# Adding Body To Mead.



## DUANNE (29/7/10)

hey guys, im just making my first mead now and its tasting good. but i drank a bottle of mead tonight i brought back from tassie and while i prefer the flavour of mine the mead i brought back with me had a much nicer mouthfeel. mine is extremely thin were the bought one has a thcker mouthfeel and a smoothness i would love to get in my next attempt. i couldnt say it tatsed much sweeter than mine butim not discounting this as being so.the one ive got down now is orrange blossom that started at 1090 and finished at around 998 using d 47 yeast. it fermented out in 2 and a half weeks and after a month its really starting to clear well. any help from the experianced mead makers on the forum would be well appreciated as id love to nail this stuff. 

thanks dwayne


----------



## pdilley (30/7/10)

Have to run out the door to work, but really quickly a lot of the body in mead comes from residual sugars in the liquid. Finishing at .998 is dry and means you only have any remaining compounds in your original honey to give an impression of body.

Cheers,
Brewer Pete


----------



## raven19 (30/7/10)

A lower alcohol tolerant yeast would result in limited fermentation - leaving residual sugars to improve body.

Or you could try a braggot with a high mash temp with the grain component.


----------



## Airgead (30/7/10)

There are a few things that will increase body & mouthfeel. Residual sugars is one. Others are things like tanins which you can get by adding oak or geape tannin (from the lhbs).

I'm playing with oaking at the moment.
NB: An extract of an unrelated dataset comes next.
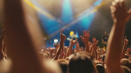 Iconic night rock concert front row crowd cheering hands in air slomo 100p

You can get some lovely flavours and better mouthfeel.

Cheers
Dave


----------



## DUANNE (31/7/10)

thanks for the replies, so if with the next one i increase from a 1090 og to an 1120-1130 i should get better mouth feel. but how much will it affect the sweetnes of the mead. the last thing i want is an overly sweet drink. im only doing 5 litres at a time so am willing just to keep trying till i get it right.


----------



## grantsglutenfreehomebrew (2/8/10)

I've been brewing mead for a few years now and have found the best way to get body is to add maltodextrin. I use a gluten free one made from maize bought from a specialty supplier but I've seen it at lhbs. I use 1 kg for a 20 litre brew. I find 3kg of honey by itself can make a 23 litre brew with a starting gravity of 1.050 and brew out to 0.998 or less. If I add 1kg of maltodextrin and use half the honey (1.5kg) it has a SG of 1.040 and brews out to 1.010. It has a great mouthfeel and body. I use this with hops and other things to make a beer type mead. It definitely has a good head retention as well. Just remember that maltodextrin is only about 30% fermentable.
I have a picture of the beer on my website grantsglutenfreehomebrew.webs.com/ I hope this is of some help.


----------